Insulin has many beneficial effects

Insulin exerts an anti-inflammatory effect by reducing the increase in C-reactive protein and serum amyloid A.30 It also partially restores insulin-stimulated endothelial function,31 facilitates vasodilation by increasing nitric oxide production,32 and improves fibrinolytic profiles.33 Early initiation of insulin therapy can increase peripheral insulin sensitivity and preserve beta cell function.34-36

When oral agents have failed, insulin can significantly improve patients’ beta cell function,34,35,37 and short periods of insulin therapy in patients newly diagnosed with T2DM may even set the foundation for better long-term control.38,39

But not all insulin is alike
Ideally, insulin therapy should mimic physiologic insulin secretion. However, conventional human insulin products fail to do so because of their suboptimal pharmacodynamic profiles. With recombinant DNA technology, molecular modifications of the human insulin molecule have overcome some of the limitations of conventional human insulin products.

Unfortunately, many practitioners still hold insulin in reserve until combination therapy with oral agents has failed, possibly resulting in years of suboptimal glycemic control. Newer strategies recommend earlier initiation of insulin—ie, once diet and exercise fail, or when treatment with 1 oral agent fails. The development of insulin analogs is a significant milestone on the road to achieving improved outcomes for patients with T2DM.

Rapid-acting agents
Compared with regular human insulin, newer rapid-acting insulin analogs may improve glycemic control when used at mealtimes. However, due to their shorter half-lives, these insulin analogs require augmentation with basal insulin to control hyperglycemia between meals and during the night.

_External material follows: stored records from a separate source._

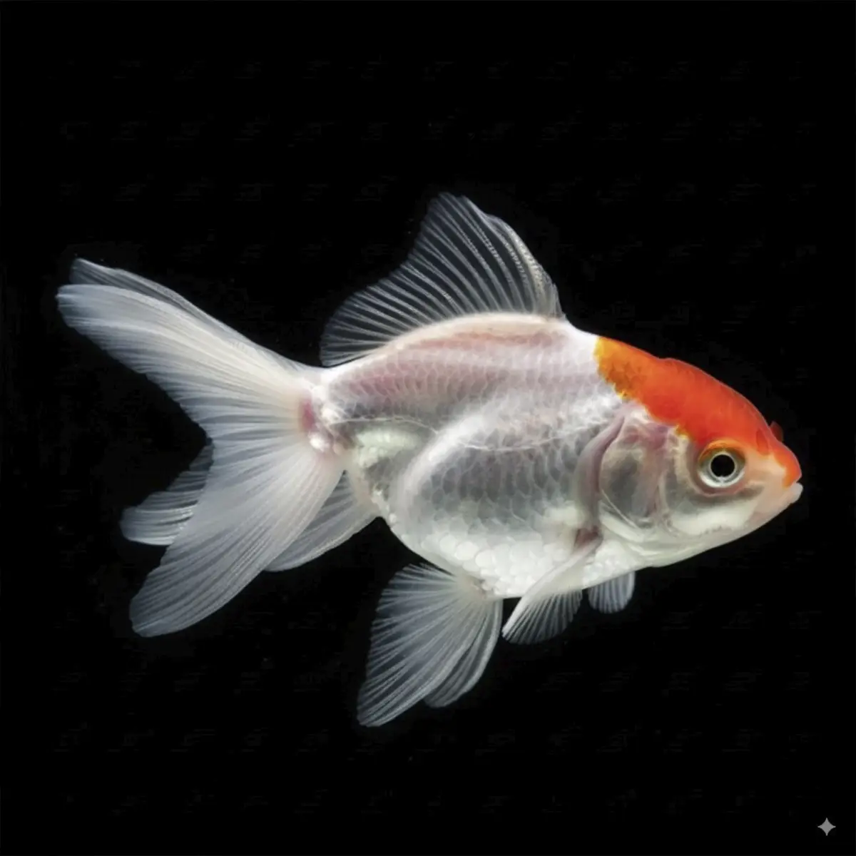 El Oranda Boina Roja es una variedad de pez dorado (Carassius auratus) que destaca por su llamativa corona roja sobre su cabeza blanca.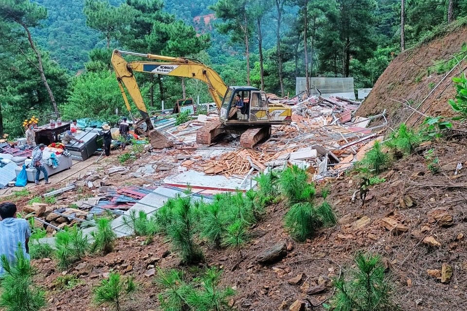 Tại khu vực đồi Dõng Chum, nơi xảy ra vụ sạt lở vùi lấp hàng loạt ô tô, lực lượng chức năng đã cưỡng chế, tháo dỡ các công trình xây sai phép trên đất rừng phòng hộ.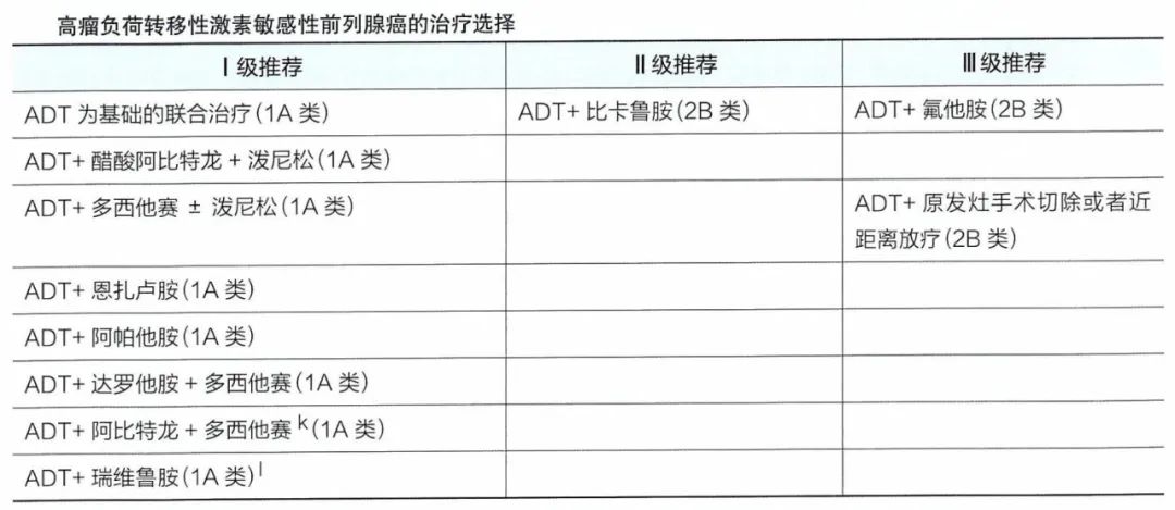 在高瘤负荷的mHSPC的治疗选择上,2022版指南更新了几个比较重要的部分,第一点为新增ADT+阿比特龙+多西他赛为I级治疗推荐,第二点是新增ADT+瑞维鲁胺方案并给予I级推荐。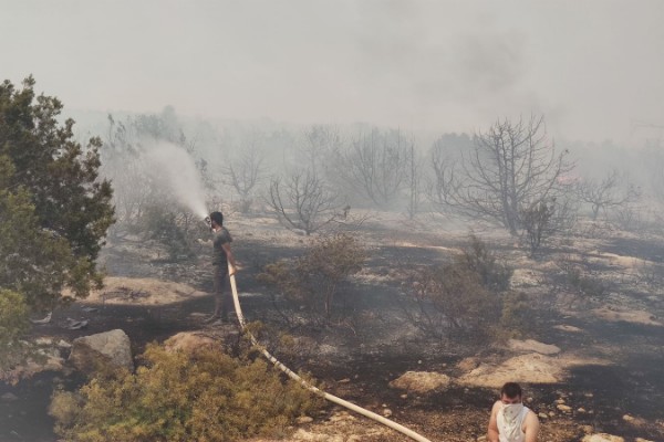 Polisin söz konusu yangın ile ilgili zarar tespiti ve çalışmaları devam ederken, bölgede dikili yüzlerce ağacın yanarak küle döndüğü görüldü.
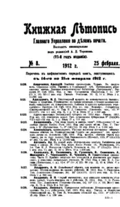 Книжная летопись Основной выпуск << < 1912 № 8 > >> |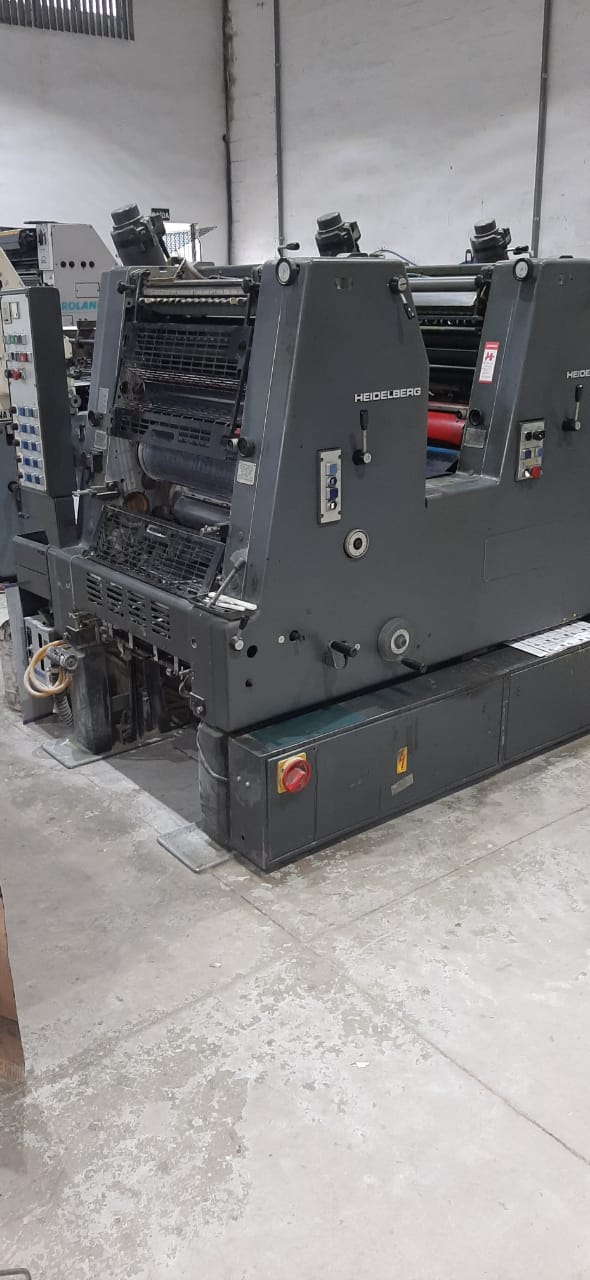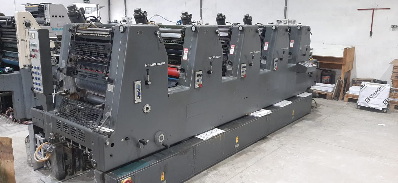 Impressora offset usada, marca Heidelberg, modelo GTO FP 52, ano 1987, 5 cores, formato 36 x 52 cm, equipada com molha Alcolor original, alimentador 8.000 IPH, em produção.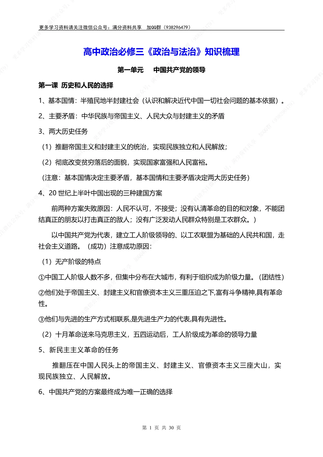 11.统编版高中政治必修三《政治与法治》知识点梳理(pdf分享)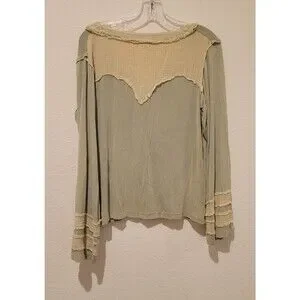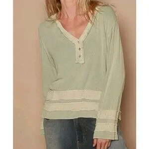 Nwot POL Ribbed Long Sleeve Henley Shirt Top Green Distressee Oversized Small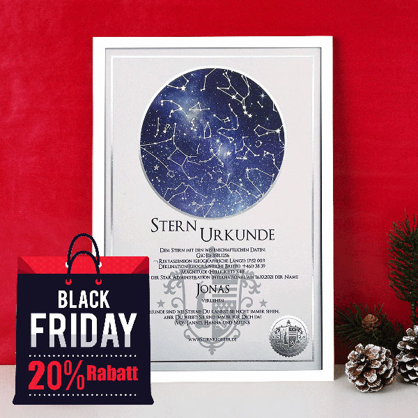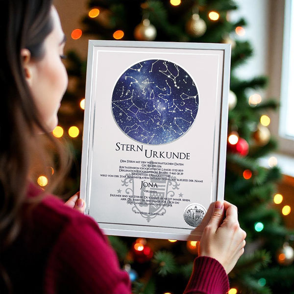 Die Sternurkunde ist das Herzstück der Sterntaufe: Sie dokumentiert ihren persönlichen Eintrag in das internationale S.A.I.-Sternregister®. Neben dem von Ihnen gewählten Sternnamen und dem Taufdatum sind auch die wissenschaftlichen Daten und Koordinaten Ihres Sterns auf der Urkunde angegeben. Optional können Sie Ihrer Sternurkunde auch eine persönliche Widmung hinzufügen – natürlich kostenlos.
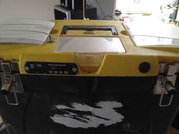 uno de los compartimientos se convirtieron en la batería, el otro un usb estación de carga. el killswitch principal está en la parte superior, el interruptor de Bluetooth junto con el módulo mp3 están en el frente de la tapa y los altavoces se montan en uno de los extremos de la caja en cuanto a espacio interno. los altavoces están protegidos internamente por un marco de madera, acabado con láminas de plástico muy gruesos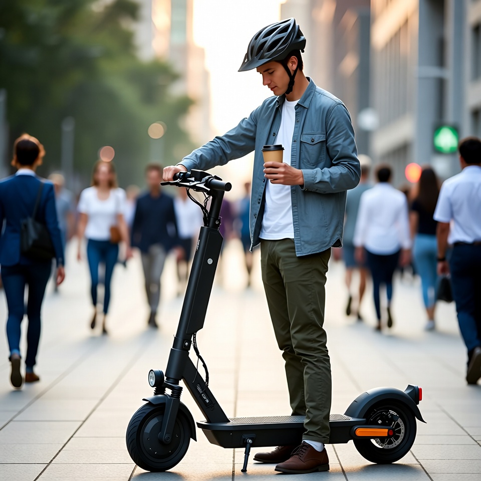A man stands on an electric scooter in a busy city street. He holds a coffee while people walk around him in the background.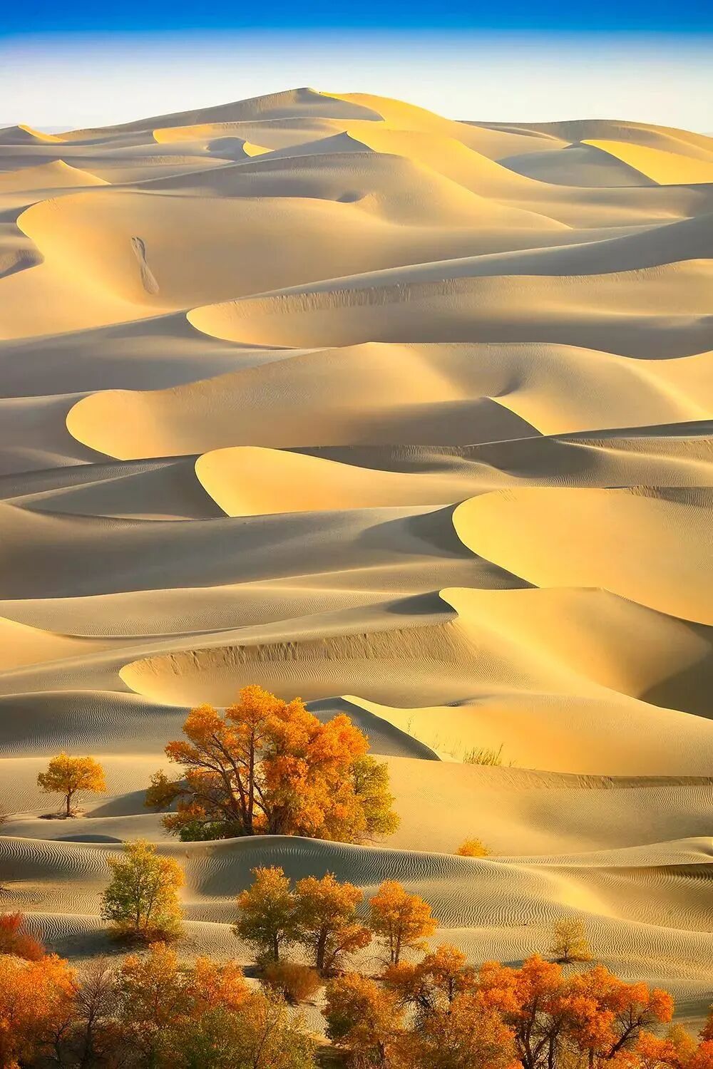 在这个中国最大的沙漠里有着最多的沙丘景观,新月形沙丘链、线形沙丘、金字塔形沙丘、鱼鳞状沙丘群等,可以说塔克拉玛干就是风沙地貌的博物馆。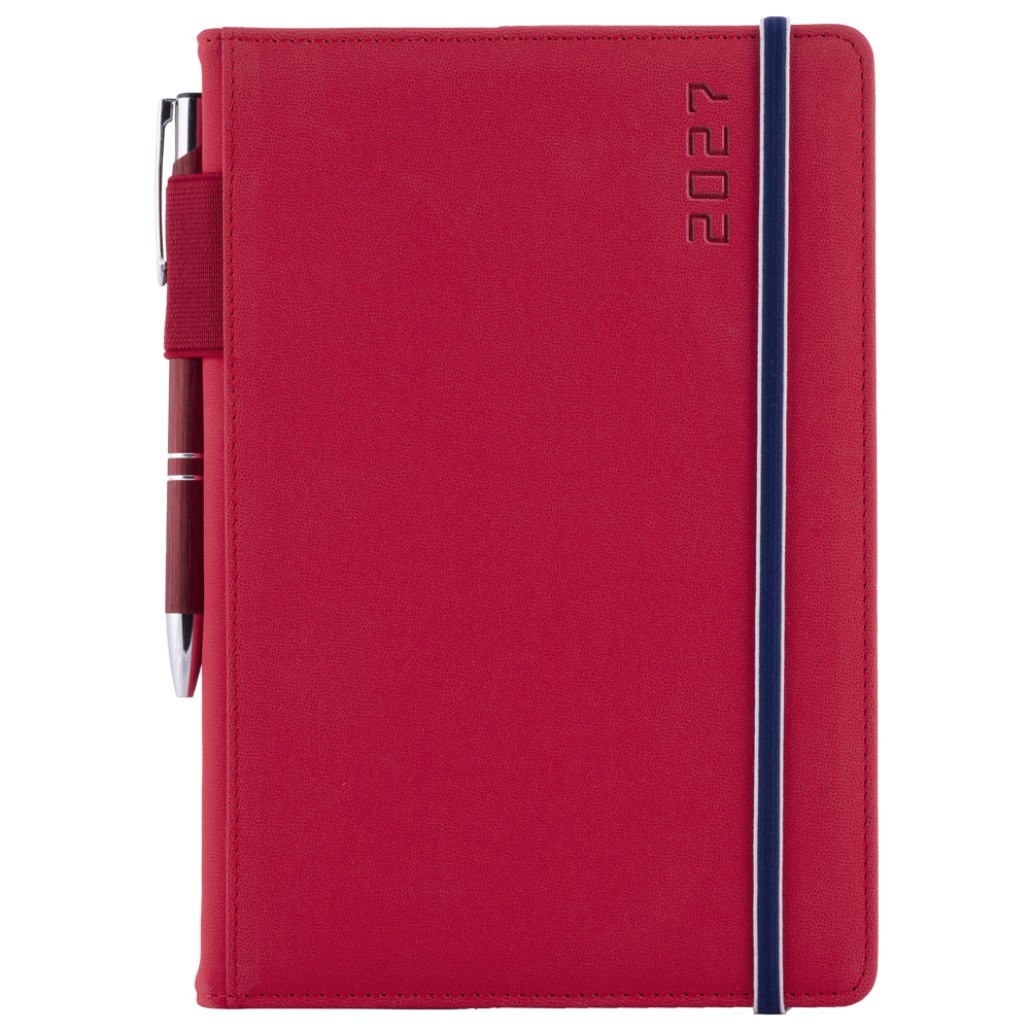 Diár AMOS denný A5 2027 polský - červená/modrá gumička

Insulin lispro was the first commercially available rapid-acting insulin analog, introduced in 1996. This agent differs from human insulin by an inversion of amino acid residues in positions 28 and 29 of the insulin B-chain. Inversion prevents the formation of hexamers and dimers that tend to diffuse more slowly, thereby facilitating a rapid uptake of the insulin analog into blood and tissues.40,41 The second such agent, marketed in 2000, was insulin aspart, in which aspartic acid replaces proline at position 28 of the B-chain of human insulin.41,42 The most recent rapid-acting analog is insulin glulisine, in which lysine replaces asparagine near the N-terminus of the B-chain, and glutamic acid replaces lysine near the C-terminus of human insulin.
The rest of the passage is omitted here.